Success comes from understanding the role each platform plays and integrating them intelligently, rather than forcing one idea across all platforms. It’s about orchestration, not platform heroics.
Q. Will micro-dramas gain traction in 2026? Is there a risk of brands adopting the format without understanding its unique skill set?
Microdramas will gain traction, but they need to be understood for what they truly are: a format, not a strategy. Just like Reels, influencer videos or short-form films before them, microdramas are simply another way to package content for digital consumption.
We’ve seen this cycle before. There was a time when 30-second TVCs dominated. Then came longer-format brand films. Today, attention spans and platforms have pushed storytelling into shorter, episodic formats. Microdramas sit squarely in that evolution. They’re not the equivalent of “vertical TV,” and they’re certainly not a long-term replacement for brand thinking.
The risk is when brands mistake the format for the idea. Microdramas require a very specific storytelling skill: tight narratives, strong hooks and emotional payoff in seconds. When brands jump in just because the format is trending, without understanding how to use it meaningfully, the content quickly becomes forgettable.
Microdramas are best seen as one more tool in the content ecosystem. They serve engagement, not brand strategy. Something else will eventually replace them, just as formats before them evolved. The brands that succeed are the ones that use microdramas thoughtfully, as a way to serve content, not as the content itself.
Q. During pitches, why are brands increasingly seeking strategic growth partners rather than only execution agencies?
Because execution without direction doesn’t work anymore. Brands are under pressure to sell, scale and move fast; but many have realised that speed without a plan only creates noise. That’s why there’s a clear return to fundamentals. Strategy is coming back to the centre of the conversation.
Execution is essential, but if it’s directionless, it leads to sameness. Today, everyone is using the same influencers, the same formats, the same digital playbooks. Once one execution works, ten brands copy it. In that environment, differentiation doesn’t come from how you execute, it comes from what you’re saying and why you’re saying it. And that only comes from strategic thinking.

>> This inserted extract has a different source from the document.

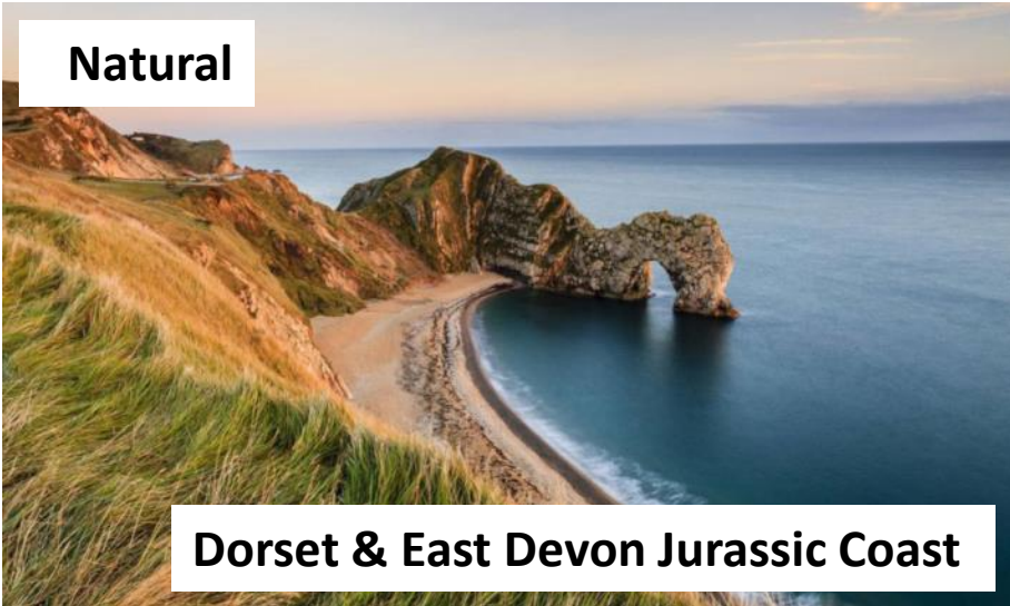
Dorset & East Devon Jurassic Coast

Brands are now asking sharper questions during pitches: What is the positioning? What is the message? How does this create distinction? Even if the format is similar, strategy ensures the communication stands apart.
You can see this clearly with large organisations and PSUs as well. They’re no longer satisfied with celebrity-led campaigns without a clear reason. The question now is: Why this person? What equity do they bring? How does it align with the brand and how does it drive long-term differentiation?
That’s why agencies are being evaluated as growth partners, not just executors. Brands want someone who can define the direction first and then execute with purpose.

Q. Could you share your perspective on the rise of the strategic generalist over narrow specialists?
At the core, a strategist is someone who can bring clarity out of chaos. That’s the defining skill. In complex businesses, information is everywhere. What matters is the ability to cut through it, set priorities and distinguish what is truly important from what is merely urgent.
This is where strategic generalists stand out. They understand the entire business, not just one function. They can see how marketing connects to sales, how brand links to revenue and how strategy translates into execution. Their strength lies in breaking big, complex problems into clear, actionable steps.
Specialists are valuable, no doubt. But without a unifying point of view, specialisation can lead to fragmentation. A strong strategist provides direction. With clarity and focus in place, execution becomes sharper and more effective. That ability to lead with perspective, not just expertise, is why strategic generalists are increasingly in demand.